A bulletin titled “Addressing the risks in crypto: laying out the options” was released by the Bank of International Settlements (BIS) last week.

 

The report, written by BIS economists Matteo Aquilina, Jon Frost, and Andreas Schrimpf, examined the dangers posed by cryptocurrencies as well as the various measures that regulators and central banks could take to mitigate these dangers.

 

In their suggested course of action, the economist listed three options. First, there should be a restriction on certain cryptographic operations. A different choice is to separate cryptocurrency from traditional finance and the actual economy (Tradefi). The third and final option entails regulating the industry similarly to Tradefi. The research makes it clear that, in order to reduce the dangers associated with crypto activities, the three options should be carefully balanced and are not mutually exclusive.

 

This bulletin was released barely a month after they released a 36-paged publication where the Basel committee approved global crypto banking regulations for 2025. In this publication, it was suggested that a bank’s exposure to specific crypto assets should ideally be lower than 1% and not exceed 2%. These specific assets are traditional assets that have been tokenized, such as non-fungible tokens, stablecoins, and unbacked crypto assets that don’t fit into any one category”.

 

While expatiating on the first option they recommended, the economists outlined the pros and the cons of placing a ban on specific crypto activities. In outlining the pros, they said that placing a ban on specific crypto activities will help eliminate potential harm to the economic system and it will help to prevent losses that are caused by the misconduct or error of crypto service providers. Listing the cons, the authors stated that the actions could conflict with the founding principles of society or it could make useful innovation opportunities be delayed or lost and could also be circumvented in practice. 

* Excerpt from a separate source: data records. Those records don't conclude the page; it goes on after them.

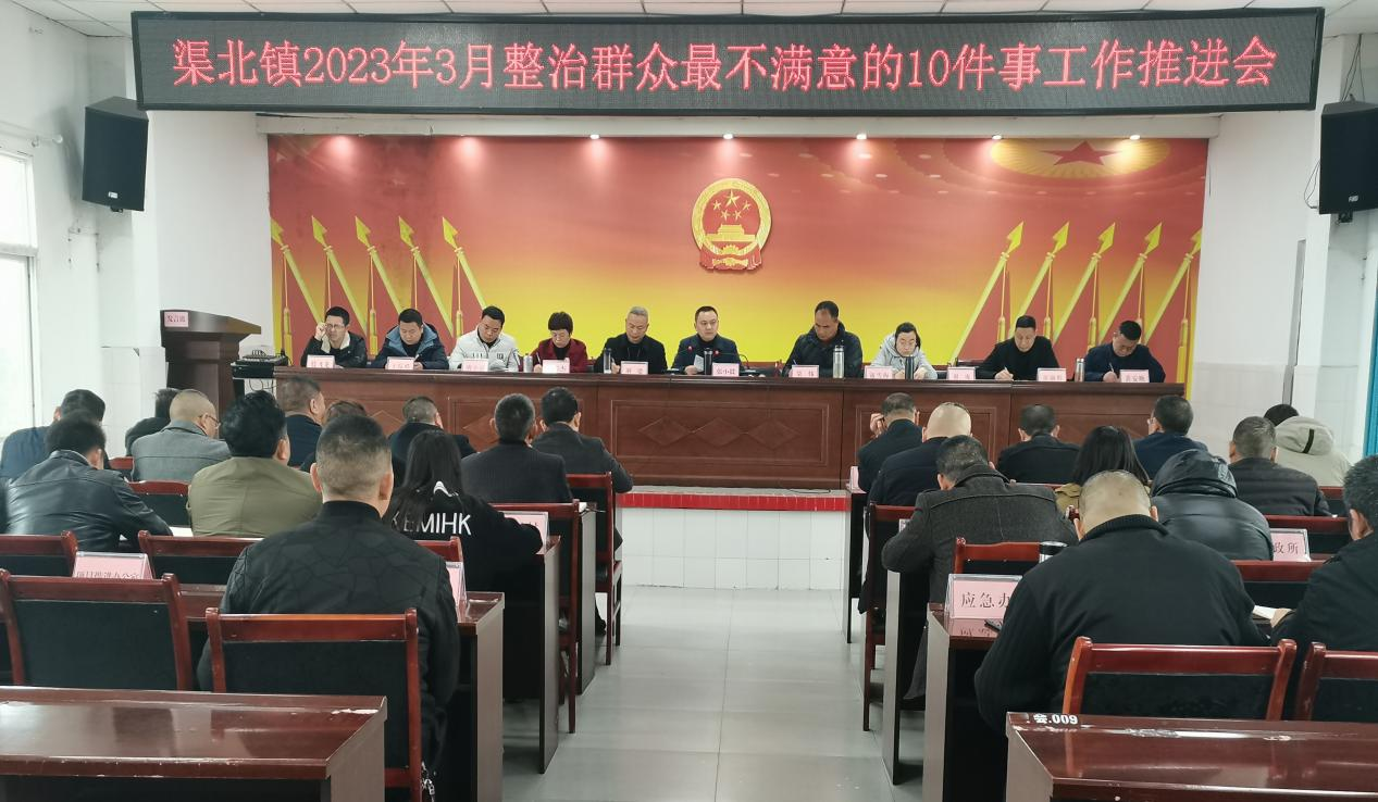 2023年3月2日上午,渠北镇组织召开整治“群众最不满意的10件事”工作推进会,镇机关全体工作人员、各村(社区)支部书记、主任参加会议。
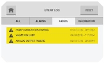 Faults can be acknowledged and reset through the pop-up if it is a channel related fault. If the fault is system related, it is acknowledged and reset through the fault tab in the event log. Once the reset is initiated on the system related faults, it will reset all of the faults concurrently. For faults related to the display, the system will notify the user upon reset. |
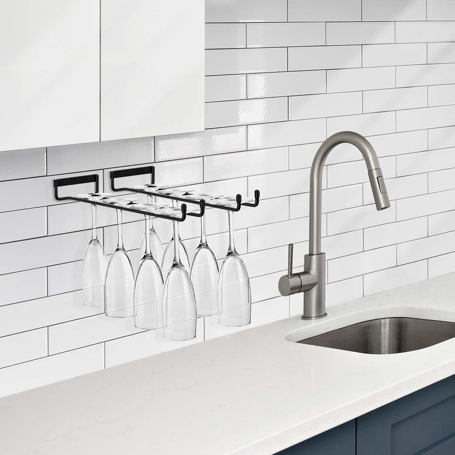 - Space Saver: Glasses holder will display your wine glasses while creating easy access without taking up space in your cabinets or on your countertops - Perfect for use in a home bar, home kitchen, wine cabinet, under cabinet shelf, or corner bar

Expatiating on the second recommendation, the trio disclosed that containing crypto activities by isolating crypto from Tradefi and the real economy could be advantageous. The advantages are that it will prevent crypto from damaging the real economy and it will also avoid giving crypto a regulatory “seal of approval”.

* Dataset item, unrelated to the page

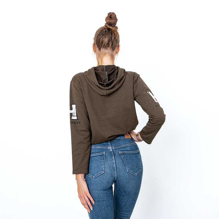 Tmavozelená dámska mikina s kapucňou s nápismi - Oblečenie
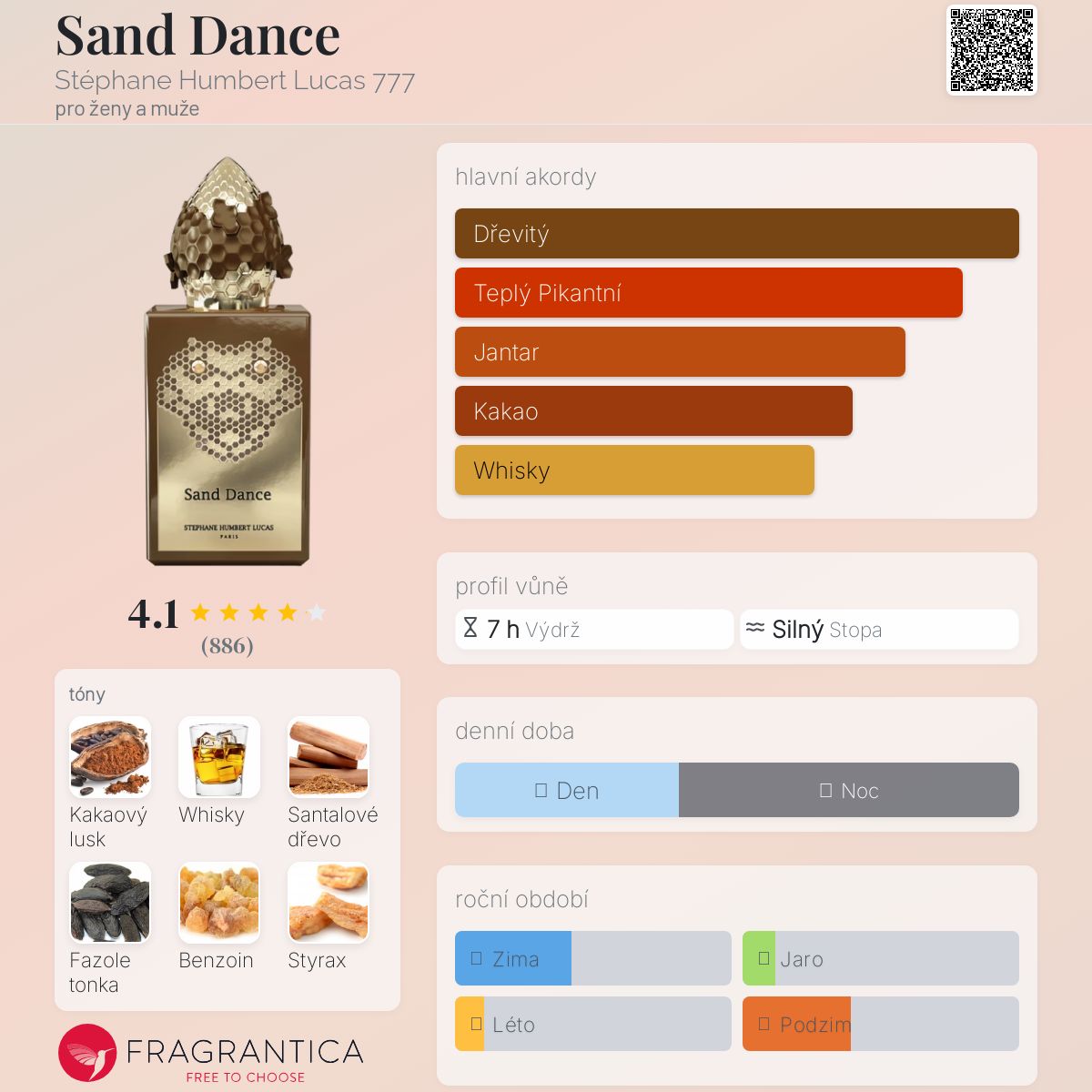 Sand Dance podle Stéphane Humbert Lucas 777 je Orientální Vanilla vůně pro ženy a muže. Toto je nová vůně. Sand Dance byl/a uveden/a v roce 2022. "Nosem" za touto vůní je Stéphane Humbert Lucas. Vrchní tóny jsou Whisky, Koriandr, Mandarinka, Anýz a Sezam; střední tóny jsouKakao, Santalové dřevo a Kašmír ; základní tóny jsou Fazole tonka, Benzoin, Styrax, Extrakt z bílého cedru, Pačuli, Vanilka a Kašmírové dřevo.

For its disadvantages, the bulletin showed that a fully effective firewall may not be feasible and investor protection and market integrity risks will remain within the crypto space. 

For the last recommendation, the writers stated the pros of regulating the crypto sector in a manner akin to Tradefi. According to them, the pros of regulating crypto is that it will bring out consistency in regulating financial activities. i.e a country that employs total crypto regulation will put a consistent check on financial activities. Also, since every crypto activity is being scrutinized, industry actors will work on their products to ensure better services are rendered. This is another advantage of regulating crypto.

One of the disadvantages of crypto regulation according to the experts, is that it will be a tedious task in differentiating crypto and Tradefi activities and firms. Another disadvantage is that it will be difficult to know how to regulate some DeFi activities as most of DeFi platforms do not have a clear cut mode of operation as the area to regulate will be unclear.

 

Although cryptocurrency markets have witnessed a spectacular series of booms and busts, often leading to substantial losses for investors, the BIS researchers concluded that “these failures have so far not spilled over to the traditional financial system or the actual economy.” They did, however, issue a warning that as DeFi (decentralized finance) and Tradefi become more entangled, there is no guarantee that they won’t do so in the future. 

 

Concluding the report, BIS stated that authorities can now take into account a range of policy options while also working to enhance the current monetary system in the interest of the general public.